Hurricane Hilary delivered a rare and revealing stress test for the Southwest in August 2023. A Category 4 hurricane over the Pacific weakened before landfall yet still drove a plume of tropical moisture that shattered rainfall records from coastal ranges to the Mojave. The first ever tropical storm warning for Southern California and the subsequent post analysis nuance about Hilary’s status both point to the same practical takeaway. In the West, plan for flooding first. Track official rainfall forecasts, know your low water crossings, and script actions by timeline so you are ready long before the first band arrives.

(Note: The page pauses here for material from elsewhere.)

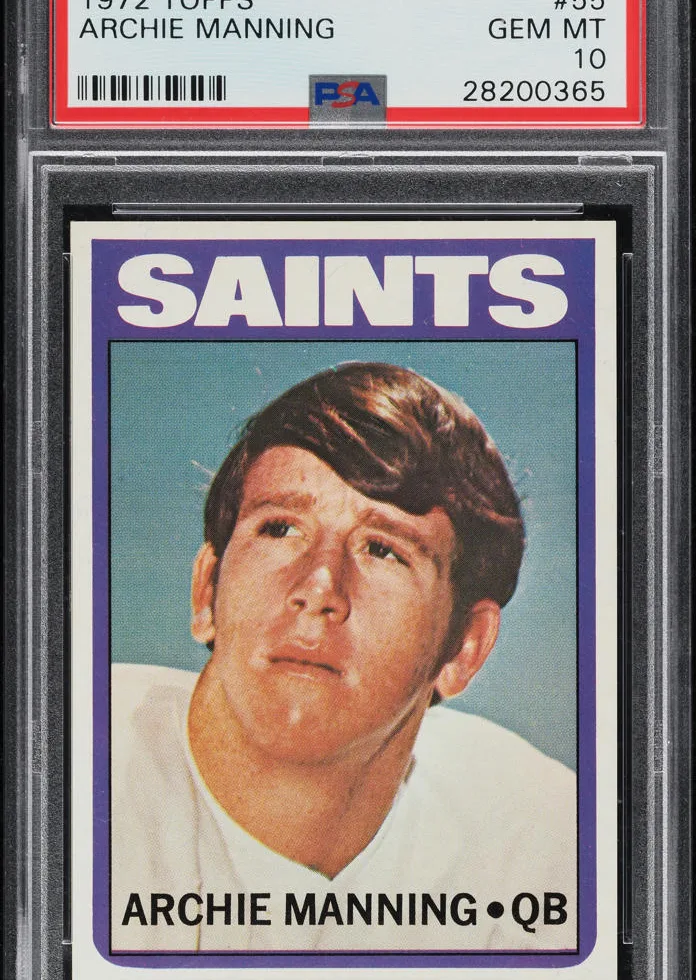 The patriarch of the NFL’s royal family, Archie is revered in New Orleans. The charismatic quarterback was appointment viewing in the Big Easy. His 1972 Topps RC is one of many fun vintage options of the legendary signal-caller.

Frequently asked questions

Was Hurricane Hilary still a tropical storm in California?

Operationally, yes at first, but the National Hurricane Center’s post season analysis concluded Hilary became post tropical over northern Baja before entering California. The flooding impacts in California remain the same in either case.

What rainfall totals did the mountains see?

NWS San Diego documented storm totals over 13 inches at Upper Mission Creek, nearly 12 inches at Mount San Jacinto, and numerous 7-to-10-inch readings across the San Bernardino Mountains.

What made Death Valley’s total so notable?

Furnace Creek recorded 2.20 inches on August 20, the wettest day on record there, surpassing the 2022 daily record and eclipsing the park’s average annual rainfall in a single day.

Where can I review the official post event reports and maps?

The NHC Tropical Cyclone Report provides complete meteorological history. The Weather Prediction Center hosts storm total rainfall maps. CW3E at Scripps has a detailed event summary with graphics on rainfall and winds.